Il se déduit suffisament de l’ensemble de ces éléments que M. F Y était le dirigeant de fait de la société Métalufer, de sorte que sa responsabilité pour insuffisance d’actif est suceptible d’être engagée au même titre que celle du dirigeant de droit, les agissements qu’il reproche à son épouse n’étant pas de nature à l’exonérer de sa propre responsabilité.

Le jugement sera confirmé de ce chef.

* sur l’insuffisance d’actif

La Selarl ML conseils, ès qualités, expose que le passif définitif s’élève à la somme de 4 184 774,80 euros, auquel il convient d’ajouter les sommes avancées par le CGEA à hauteur de 97 482,71 euros,

et l’actif réalisé à la somme de 455 938,08 euros, de sorte que l’insuffisance d’actif s’établit à 3 826 319,43 euros.

MM. I J et Y ne formulent aucune critique sur ce point.

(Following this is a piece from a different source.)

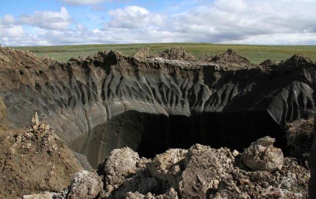 西伯利亚惊现50米深巨型坑洞,碎石泥土抛飞几百米外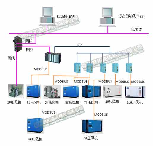 系统基于工业以太环网,底层控制采用西门子系列PLC,组态画面使用为控制核心,实现选煤厂10台压风机控制,配套风包温度、压力采集,风包定时排污、水冷系统自动控制以及余热利用的接入。

Les relevés de créances salariales produits montrent que le CGEA a pris en charge des salaires dus du 1er décembre 2015 au jour du jugement d’ouverture de la liquidation judiciaire pour une somme de 80 396,78 euros et que par jugement d’un conseil de prud’hommes en date du 14 juin 2017 la créance de M. AI AJ AK au titre d’un licenciement antérieur à la procédure collective a été fixée au passif de la société à hauteur de 17 085,93 euros. Ces sommes doivent par conséquent être ajoutées au passif admis de sorte que l’insuffisance d’actif s’établit effectivement à 3 826 319,43 euros, somme supérieure à celle retenue par le tribunal.

* sur les fautes de gestion

— La déclaration de cessation des paiements tardive

Après avoir rappelé qu’en matière de responsabilité pour insuffisance d’actif il n’est pas nécessaire de démontrer l’intérêt personnel du dirigeant ou le caractére intentionnel de la faute, la Selarl ML conseils, ès qualités, fait observer que la date de cessation des paiements de la société Metalufer est en réalité bien plus ancienne que celle retenue par le tribunal, qui lie la juridiction statuant en matière de sanction. Elle considère que compte tenu de la date et du nombre des impayés et du refus des banques de maintenir les facilités de caisse, les dirigeants, qui n’ont pas fait le choix de renforcer l’actif de leur entreprise, ne pouvaient ignorer l’état de cessation des paiements de la société, de sorte que l’absence de déclaration de cessation des paiements dans le délai légal ne constitue pas une

négligence mais une faute de gestion qui a contribué à l’insuffisance d’actif à hauteur de 569 029,12 euros.

M. I J reproche au liquidateur judiciaire des affirmations ne reposant sur aucun élément matériel et au tribunal d’avoir méconnu les dispositions de l’article L.653-8 du code de commerce qui exigent pour mettre en oeuvre la responsabilité du gérant qu’il ait 'omis sciemment de demander l’ouverture d’une procédure de liquidation judiciaire'. Il considère que la preuve n’est pas rapportée qu’il se soit volontairement et en toute connaissance abstenu de déclarer l’état de cessation des paiements de la société, soulignant que la volonté du législateur est de ne sanctionner qu’une inaction délibérée voire fautive ou intéressée. Il soutient également que la dette sociale ne s’est pas accrue pendant le délai de quarante-cinq jours mais qu’elle a au contraire diminué puisque les échéances de crédit ont été honorées, indiquant que le tribunal n’a pas tenu compte des justifications apportées s’agissant notamment des créances Caillau, Auto 2001 et Urssaf. Il soutient que, dans le pire des cas, le montant des dettes nées postérieurement à la date de cessation des paiements ne s’élève qu’à 146 637,97 euros.

Après avoir rappelé que l’état de cessation des paiements de la société était dû à la chute brutale des cours des métaux, au refus de recapitaliser de Mme D et à l’arrêt par les banques du maintien des facilités de caisse, M. Y indique que les déclarations de créances de la DGFP et d’AG2R La Mondiale sont insuffisantes pour justifier un recul de la date de cessation des paiements. Il ajoute qu’il a cessé d’être rémunéré à compter du mois de novembre 2015 et que le faible solde bancaire déclaré démontre que l’échéancier accordé par la Banque populaire de Paris a été respecté et que le découvert à la Société générale a été comblé.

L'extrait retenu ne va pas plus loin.